Many patient versions (27/34) referred to or linked directly to the professional versions of the guidelines, but only half included a description of what a guideline is or how the guideline was developed. When guidelines were described in the patient version, it was usually at the back of the document. Emphasis was placed on the “experts” or committees of professionals and patient representatives who developed the guidelines: 21 documents stated that patients were involved in the development or review of the material. The amount of information about guidelines varied from a single statement to multiple paragraphs. NICE wrote, “NICE clinical guidelines advise the NHS [National Health Service] on caring for people with specific conditions or diseases and the treatments they should receive.” In contrast, the United States Preventive Task Force (USPSTF) patient summaries describe what are guidelines, how guidelines are produced, and how the evidence is graded. In addition to providing text within the document, SIGN also provided a link to a separate patient information booklet about the development of guidelines, and NICE included additional information on its website.

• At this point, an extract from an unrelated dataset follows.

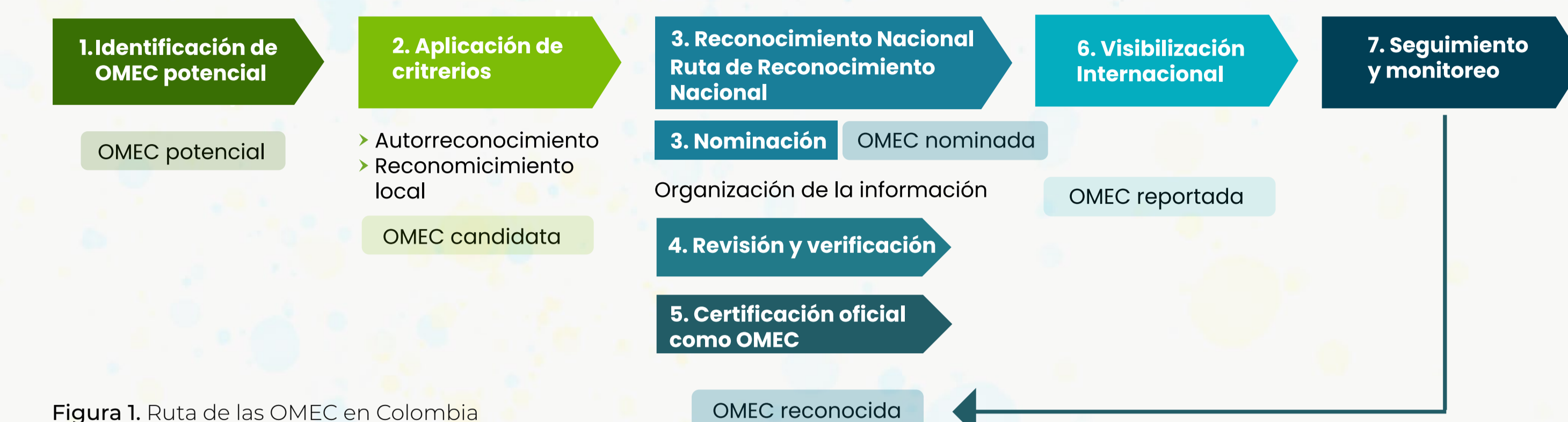
Figura 1. Ruta de las OMEC en Colombia

1. Identificación de iniciativas en marcha que pueden tener resultados positivos en conservación de biodiversidad y que es posible que cumplan con los criterios para ser una OMEC. En el documento Más allá de las áreas protegidas: avances en el fortalecimiento de las OMEC en Colombia 2024-2025 (Chaves et al., 2025a) se incluye un listado de figuras de manejo de paisaje donde podría haber OMEC potenciales.

The majority (26/34) of patient versions provided links or contact information (such as telephone numbers) for additional information and support, typically at the end of the document (although sometimes within the document). However, the credibility of these links was sometimes compromised as some patient versions (4/26) also included a caveat about not being responsible for the content in those recommended sites. The majority of patient versions also encouraged people to talk to their health care provider for more information, but only 5 provided a section for “questions to ask your doctor.”
Credibility of the Information
In addition to referring to or providing a link to the professional version or providing the methods for development, the most common method used to convey credibility was the use of the logo of the professional association and, if applicable, the affiliated patient organization (32/34). NICE and the Royal College of Obstetrics and Gynaecology also referenced the Information Standard, SIGN referenced Crystal Mark/Plain English Campaign, and the Canadian Paediatric Society referenced the Health on the Net Code of Conduct.
Purpose of the Patient Versions
Twenty-one patient versions explicitly stated their purpose. All 21 aimed to educate or equip people with information. Eight stated an additional purpose: 6 stated that the goal was to empower people to obtain the “best care,” 1 version about human immunodeficiency virus (HIV) and pregnancy provided information for self-care and to stay healthy, and another about overactive bladder empowered patients to become more active by openly talking about the condition.
Our qualitative analysis identified latent purpose(s) of the patient versions and was organized into categories adapted from Dixon-Woods. 3 Although we did not find additional categories, we did refine categories. We did not find examples for some categories: persuasion for the use of specific interventions, to reassure or provide a second opinion, and to replace the health care consultation or counseling. Table 4 provides a list of the purposes we found and examples. Below we highlight these results.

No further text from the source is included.